**TASK**
Below are the records; copy exactly the stretch from the line containing "- 在品牌文件夹中嵌入Sma" through the line containing "隨著三等獎、二等獎、一等獎的", both ends included, and nothing else.

**DATA RECORDS**

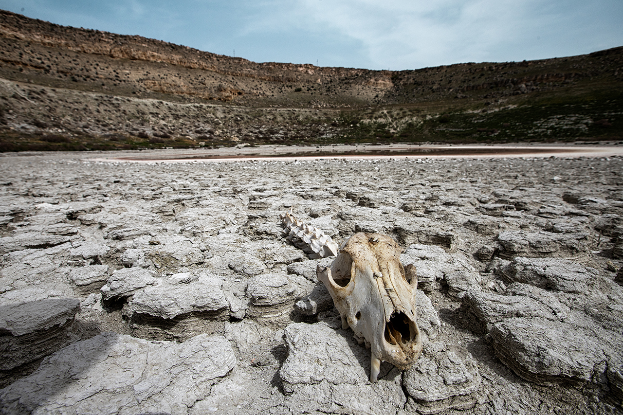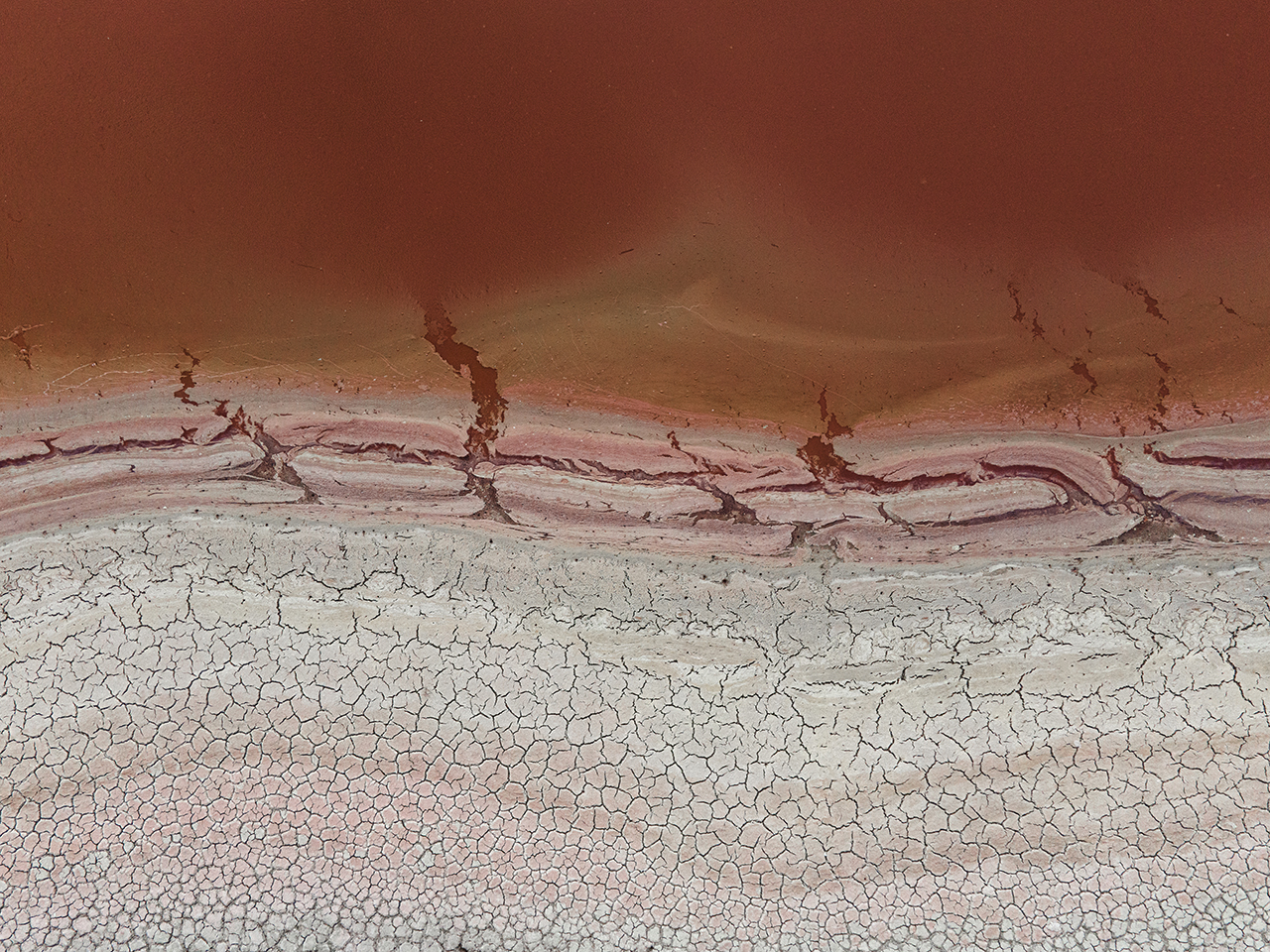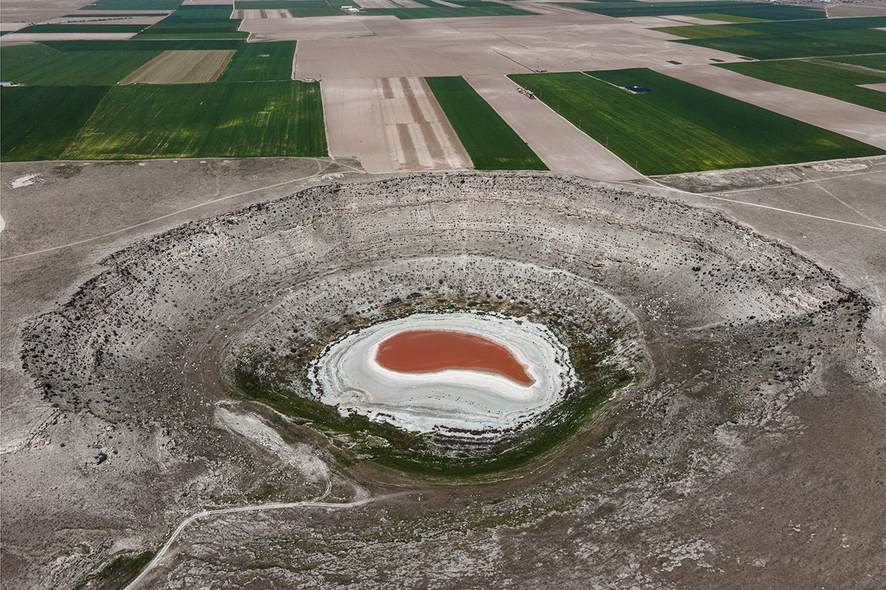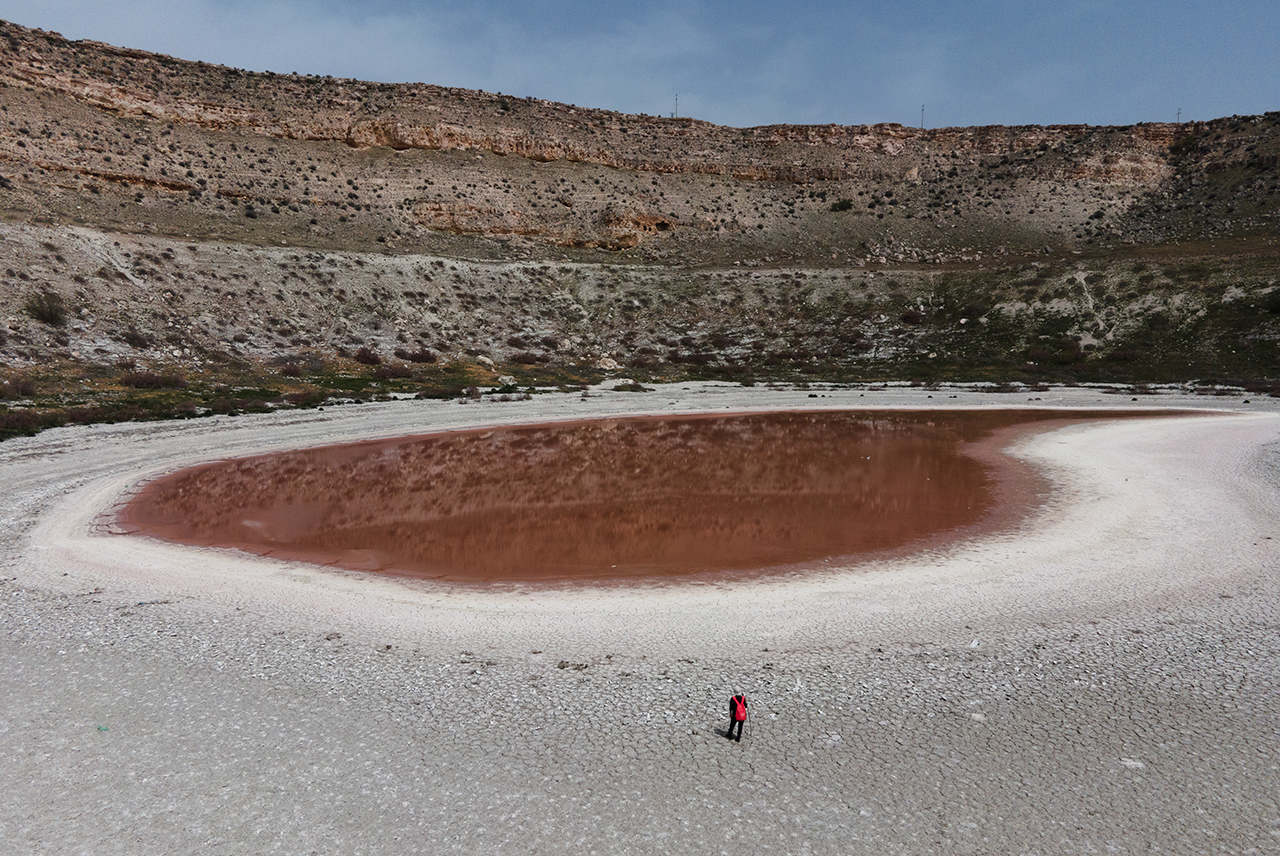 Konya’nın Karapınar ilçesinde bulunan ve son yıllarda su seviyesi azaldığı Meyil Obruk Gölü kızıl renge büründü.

==

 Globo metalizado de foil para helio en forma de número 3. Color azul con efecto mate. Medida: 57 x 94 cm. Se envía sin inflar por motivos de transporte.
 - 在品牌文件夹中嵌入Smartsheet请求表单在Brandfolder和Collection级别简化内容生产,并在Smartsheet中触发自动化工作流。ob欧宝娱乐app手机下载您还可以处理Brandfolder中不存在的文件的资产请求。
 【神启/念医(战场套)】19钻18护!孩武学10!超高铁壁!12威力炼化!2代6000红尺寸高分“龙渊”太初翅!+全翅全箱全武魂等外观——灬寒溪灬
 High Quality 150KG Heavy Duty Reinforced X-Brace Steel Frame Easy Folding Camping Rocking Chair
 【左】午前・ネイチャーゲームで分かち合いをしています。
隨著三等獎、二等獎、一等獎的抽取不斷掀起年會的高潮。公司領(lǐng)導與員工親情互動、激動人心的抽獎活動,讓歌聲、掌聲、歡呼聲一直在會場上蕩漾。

**TASK OUTPUT**
 - 在品牌文件夹中嵌入Smartsheet请求表单在Brandfolder和Collection级别简化内容生产,并在Smartsheet中触发自动化工作流。ob欧宝娱乐app手机下载您还可以处理Brandfolder中不存在的文件的资产请求。
 【神启/念医(战场套)】19钻18护!孩武学10!超高铁壁!12威力炼化!2代6000红尺寸高分“龙渊”太初翅!+全翅全箱全武魂等外观——灬寒溪灬
 High Quality 150KG Heavy Duty Reinforced X-Brace Steel Frame Easy Folding Camping Rocking Chair
 【左】午前・ネイチャーゲームで分かち合いをしています。
隨著三等獎、二等獎、一等獎的抽取不斷掀起年會的高潮。公司領(lǐng)導與員工親情互動、激動人心的抽獎活動,讓歌聲、掌聲、歡呼聲一直在會場上蕩漾。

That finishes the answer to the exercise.